To help new teams and partners innovate more effectively, we turned their methods and insights into a curriculum of design and development lessons that we teach to developers in our Mixed Reality Academy (including week-long design workshops we offer to our enterprise partners).

Below is a snapshot of these learnings, part of a larger process we use to help our enterprise partners prepare their teams for mixed reality development. While many of these methods were originally targeted for HoloLens development, ideating and communicating in 3D are critical to the full spectrum of mixed reality experiences.

Thinking spatially during the design process

Any design process or design framework is meant to iterate thinking: To approach a problem broadly, to share ideas with others effectively, to evaluate those ideas and reach a solution. Today, we have well-established design and development methods for building experiences on desktops, phones, and tablets. Teams have clear expectations of what is necessary to iterate an idea and turn it into a product for users.

Often teams are a mix of development, design, research, and management, but all roles can participate in the design process. The barrier to entry to contribute an idea for a mobile app can be as simple as drawing a rectangle for the device’s screen. While sketching boxes and lines for the UI elements, with arrows to indicate motion or interactions, can be enough to establish technical requirements or define potential user behavior.

With mixed reality, the traditional 2D design process begins to break down: sketching in 3D is difficult for most people and using 2D tools, like pen and paper or whiteboards, can often limit ideas to those dimensions. Meanwhile 3D tools, built for gaming or engineering, require a high degree of proficiency to quickly flesh out ideas. The lack of lightweight tools is compounded by the technical uncertainty inherent with new devices, where foundational interaction methods are still being established. These challenges can potentially limit the design contributions of your team to only those with 3D development backgrounds — drastically reducing the team’s ability to iteration.

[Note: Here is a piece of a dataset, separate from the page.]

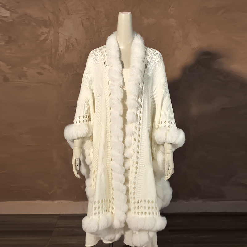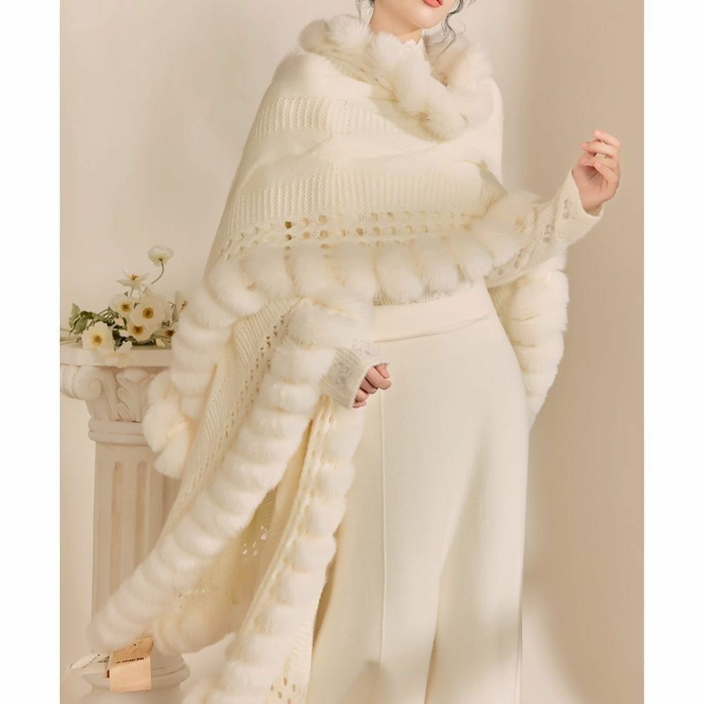 加厚秋冬獭兔毛毛领针织披肩旅斗篷披风加绒保暖双层马甲穿毛

Teams from the Mixed Reality Partner Program in our workshop

When we work with external partners, we hear stories of teams ‘waiting for the developer to finish the prototype’ before they can continue with their design process. This often means the rest of the team is blocked in making meaningful progress on the product, overloading the developer to solve both the technical implementation as well as major components of the user experience (as they attempt to put a rough idea into code).

Techniques for expanding the design process

Our teams at Microsoft have a set of techniques to more effectively include their team and quickly iterate through complex design problems. While not a formal process, these techniques are intended to supplement rather than replace your workflow. These methods allow those without specialized 3D skills to offer ideas before diving into the prototyping phase. Different roles and disciplines (not just 3D designers and developers) can be part of the design process, uncovering opportunities and identifying possible challenges that might occur later in development.

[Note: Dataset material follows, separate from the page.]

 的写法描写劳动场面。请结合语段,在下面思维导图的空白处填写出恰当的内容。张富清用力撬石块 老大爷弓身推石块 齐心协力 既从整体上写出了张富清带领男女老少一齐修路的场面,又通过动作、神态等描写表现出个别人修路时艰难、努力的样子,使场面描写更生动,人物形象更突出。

Generating ideas with bodystorming

Getting your team to think about events occurring in the real world, beyond the traditional world of 2D devices, is key to developing innovative mixed reality experiences. At Microsoft, we have found the best way to do this is to encourage interaction with physical props in a real-world space. Using simple, cheap crafting materials we build physical props to represent digital objects, user interfaces, and animations in a proposed experience. This technique is called bodystorming and has been a staple of product ideation within industrial design for decades.

Simple, cheap art supplies used in bodystorming

Simple, physical props level the playing field for participants, allowing individuals with different skill sets and backgrounds to contribute ideas and uncover opportunities inherent to mixed reality experiences instead of being locked into the paradigm of 2D thinking. While technical prototyping or high-fidelity storyboarding requires a skilled 3D developer or artist, a few Styrofoam balls and cardboard can be enough to showcase how an interface might unfold in physical space. These techniques apply to both mixed reality development with HoloLens and the immersive headsets. For example, a set of plastic connectors might roughly illustrate the size of holograms that appear in a HoloLens experience or as props to act out interactable elements or motion designs in a virtual world.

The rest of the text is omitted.